If you just want to use HP-CONCORD on Edison at NERSC, skip to the section 'Using the HP-CONCORD module on Edison at NERSC'. Otherwise, you need to compile SpDM^3/HP-CONCORD from the source files. Below is how to set up the environment.

  • git clone <bitbucket link>
  • cd into the folder
  • cd configs and choose configuration file
    • Edison with MKL: cp
    • Ubuntu with BLAS: cp
    • Ubuntu with MKL: cp (If Intel MKL is not installed in /opt/intel, please update the INTELROOT variable in the file.)
    • Mac with BLAS: cp
    • Mira with ESSL: cp

The set up is complete. See the next two sections for separate instructions on how to use SpDM^3 and HP-CONCORD.

How to use SpDM^3

If you just wanted to use SpDM^3 for distributed sparse-dense matrix-matrix multiplication, see code examples in the examples folder. Please also cite the SpDM^3 paper (see details in the Citation section).

How to run HP-CONCORD


From the top directory, cd bin and make to get the executables ista1, ista2, and ista5.
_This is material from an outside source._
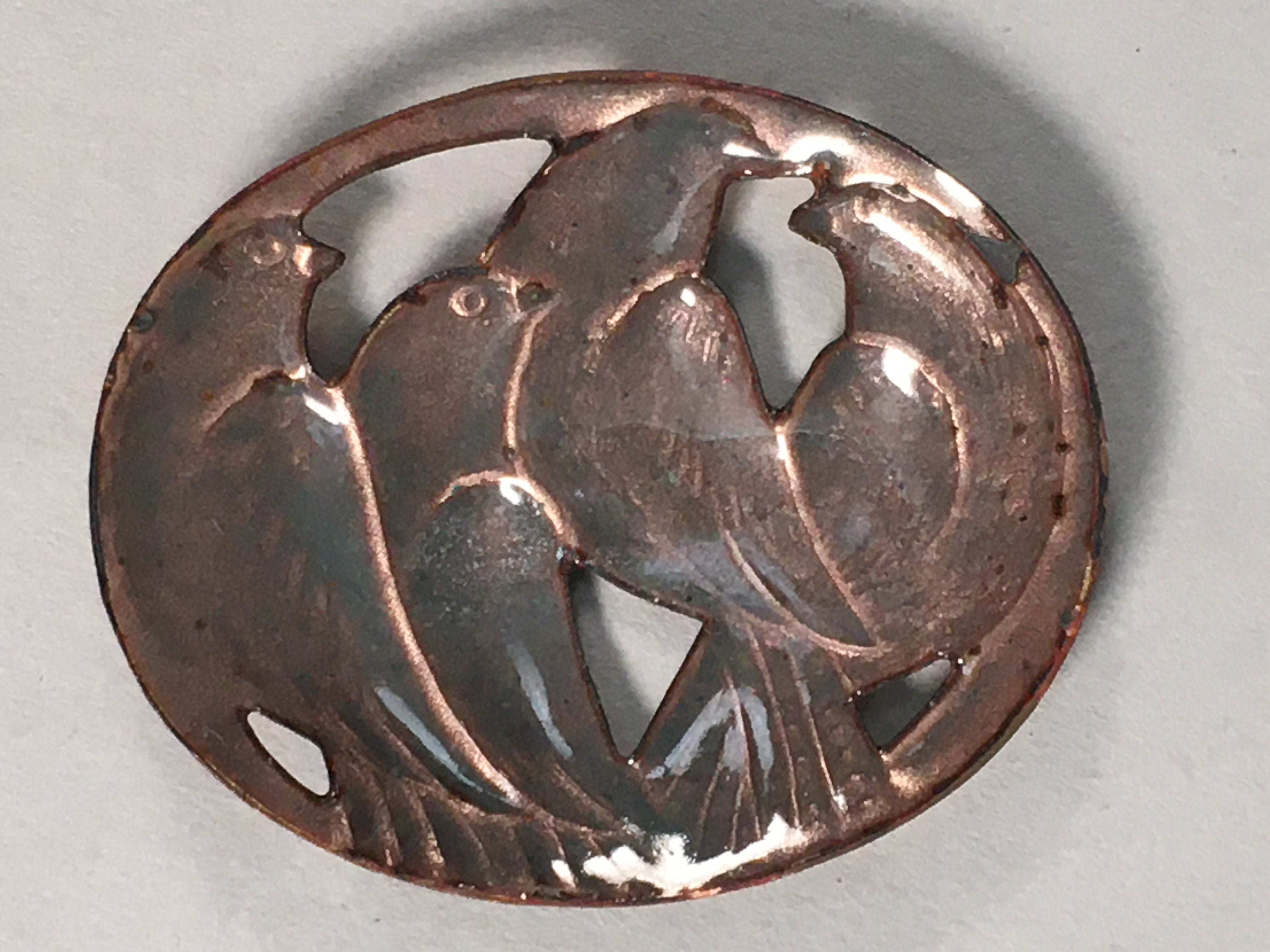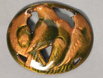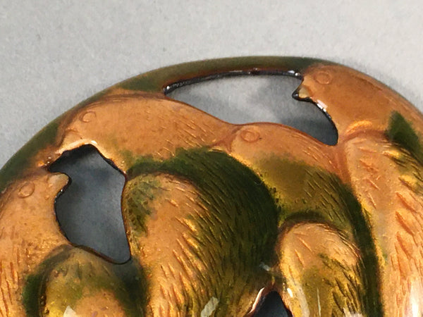 Japanese Cloisonne Ornament Display Vtg Shippo Bird Gold Green Oval JK70

Using the HP-CONCORD module on NERSC machines

If you are on Edison or Cori at NERSC, you can use the custom HP-CONCORD module by running the commands

  • module use /global/common/software/m88/<machine_name>/modulefiles
  • module load hp-concord/0.1

where machine_name can be edison or cori. The module provides you ista1, ista2, and ista5.

Input format

Matrix X of n observations (rows) of p features (columns), stored in NumPy column-major format. Our code assumes n << p.

Which executable to run

Please refer to our PMLR'18 paper for algorithm names and notations.

  • ista1 implements the Cov variant, taking in the observation matrix X as input.
  • ista2 implements the Obs variant, taking in the obseravtion matrix X as input.
  • ista5 implements the Cov variant, taking in the sample covariance matrix S as input.
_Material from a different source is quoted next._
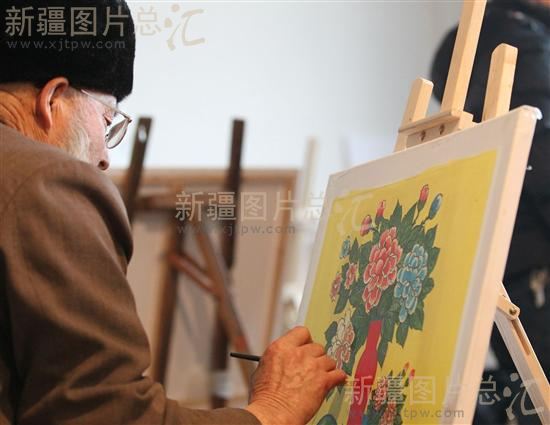 2013年1月17日,农民画艺术家们在绘制刀郎农民画。

If the expected number of nonzeroes per row is less than n, use ista1. Otherwise, use ista2. In general, ista2 outperforms ista1 so if you're not sure what to use, use ista2.

Command-line parameters

  • -i: NumPy's .npy input file name.
    • Assumes column-major format where rows are observations and columns are features.
  • -o: output file name. (Matrix Market format.)
  • -re: initial guess for Omega (Matrix Market format.) (Can be used for restarting.)
  • -c: replication factor (default is 1).
    • If you don't know what this is, it's safe to just ignore this option.
    • c <= sqrt(number of MPI processes)
  • -l1: lambda1 (default is 0.3).
  • -l2: lambda2 (default is 0.2).
  • -L1: Lambda1 .npy input file name.
    • Takes L1 as an input matrix. Overrides -l1.
    • Row-major. (fortran_order = false)
  • -tau: starting tau (default is 1.0).
  • -eps: epsilon (default is 1.0e-5).
  • -max_inner: maximum inner iterations (default is 20).
  • -max_outer: maximum outer iterations (default is 100).
  • -stop_inner: the inner iteration to stop when reaching the last outer iteration (default is -1 = unactivated). Useful for debugging.
  • -outer_offset: start the outer iteration count from this number (Makes it less confusing when doing checkpoint-restarting)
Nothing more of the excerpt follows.